Naturbeobachtungen im eigenen Garten

- das geht immer!

Schön, dass Du hier bist!

In diesen außergewöhnlichen Zeiten, in denen wir nicht zur Schule, nicht unseren Sport im Verein, nicht zu unseren OGV Kindergruppen-Treffen gehen können und auch nicht unseren Alltags-Beschäftigungen nachgehen können, wird klar, was für ein Luxus es sein kann, wenn man einen Garten oder Balkon vor der Tür hat, wo man "garteln" und spielen darf. Auch wenn unser Alltag in Teilbereichen eingefroren ist, der Frühling hat Einzug gehalten und in der Natur gibt’s keinen Stillstand.

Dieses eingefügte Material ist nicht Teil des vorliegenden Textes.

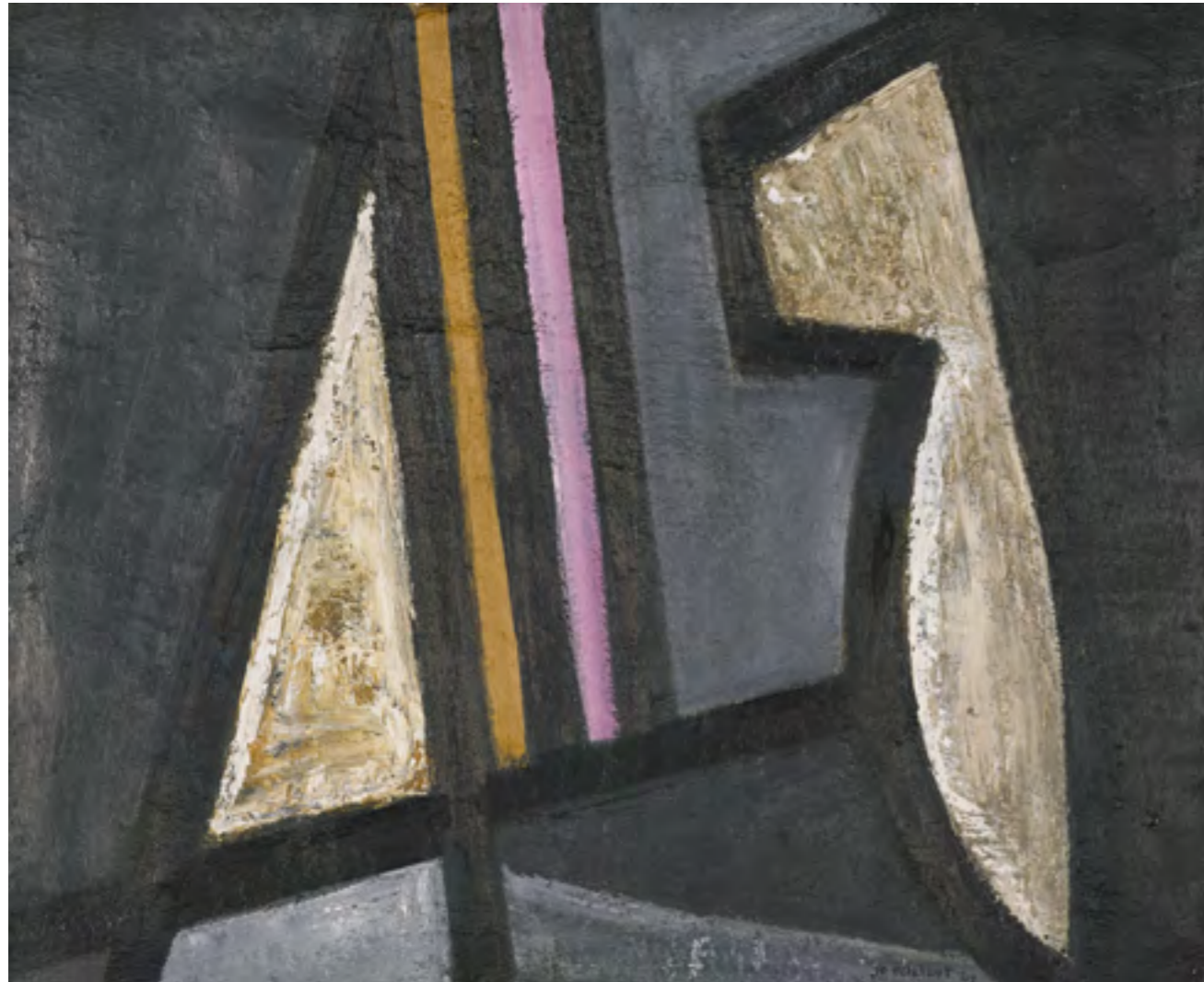
Jo DELAHAUT, Composition , 1947, Huile sur toile, 66 x 81 cm, Collection Maurice Verbaet, ADAGP 2022

Geh raus vor Deine Haustür, es gibt viel zu entdecken.

 

Lebensräume im Hausgarten

Nur durch eine große Artenvielfalt von Tieren und Pflanzen kann sich die Natur bei Störungen weitgehends selbst helfen. Je mehr unterschiedliche Lebensräume wir in unseren Gärten schaffen, desto größer ist die Vielzahl von Pflanzen und Tieren.
Lebensräume:
o Totholzhaufen / in einer versteckten Ecke findet der Igel seinen Unterschlupf. Insekten und Käfer erobern sich diesen Bereich.
o Hecken / Vögel finden Schutz und Nistmöglichkeiten aber auch Nahrung.
o Steinhaufen / wärmeliebende Tiere wie Eidechsen und Salamander und so manche Käfer finden hier den idealen Lebensraum und werden sich schnell ansiedeln.
o Wasser / bei wenig Platz in Wannen oder Trögen, als Teich oder Wasserlauf, bietet vielen Tier- und Pflanzenarten den idealen Lebensraum
o Erde, Komposthaufen, Laubhaufen / hier fühlen sich 1000-de von Kleinstlebewesen, sowie Würmer wohl.
o Magerrasen, Feuchtwiesen / Lebensraum für Kleinsäuger, Insekten und Vögel
o Fassadenbegrünungen / ein Lebensraum in der dritten Dimension.

Aufgesch(l)aut

Wer wenig Platz hat kann mit Kletterpflanzen die dritte Dimension nutzen. Es entsteht ein zusätzlicher Lebensraum.
Efeu oder Wilder Wein sowie ein Spalierbäumchen an der Hauswand, bieten einer Vielzahl von Gartenbewohnern ein Quartier.
Insekten, Spinnen und Vögel finden hier Unterschlupf.

 

Nützlinge / Schädlinge

Je bunter und vielfältiger der Garten ist, desto größer ist das Beziehungsgeflecht seiner Bewohner und desto höher ist die Chance, dass sich Schädlinge und Nützlinge sowie Pflanzen im Gleichgewicht befinden. Der Garten kann so ohne größere Eingriffe durch den Menschen gedeihen.
Wildbienen, Schmetterlinge und Co. sind wichtige Bestäuber, ohne sie gibt es keine reiche Ernte. Sie sind zudem schön anzuschauen.
Wir können aber auch tierische Gäste in unserem Garten beobachten, die uns nicht so gut gefallen. Auf den Blättern der Salatpflanzen oder Rosen sind oftmals Blattläuse anzutreffen, die im Idealfall von Marienkäfern, den Larven von Schweb- oder Florfliegen gefressen werden und so zu unverzichtbaren Gartenhelfern werden.
Ein Haufen aus Laub, Ästen und Gestrüpp bietet dem Igel Unterschlupf. Auf seinem Speiseplan stehen oft Schnecken, Larven und Co., so können sich diese pflanzenfressenden Plagegeister nicht allzu ungehemmt ausbreiten.
Vögel im Garten bereichern uns durch Ihren Gesang und deren Nachwuchs verzehrt Unmengen an Insekten, Raupen und Larven.

 

 

Aufgesch(l)aut

Was sind Nützlinge was sind Schädlinge?
In der Natur gibt es diese Einteilung nicht, nur wir Menschen machen diese Unterscheidung.
Nützlinge unterstützen uns in unseren Bemühungen, von Schädlingen sprechen wir dann, wenn uns z.B. die Raupen den Salat wegfressen.
Es gibt aber auch Tiere die im Laufe ihres Lebens sowohl Nützling als auch Schädling sein können. Ein Beispiel ist der Schmetterling. Seine Raupen können ganze Gemüsebeete leerfressen, als Schmetterling hingegen bestäubt er unsere Pflanzen.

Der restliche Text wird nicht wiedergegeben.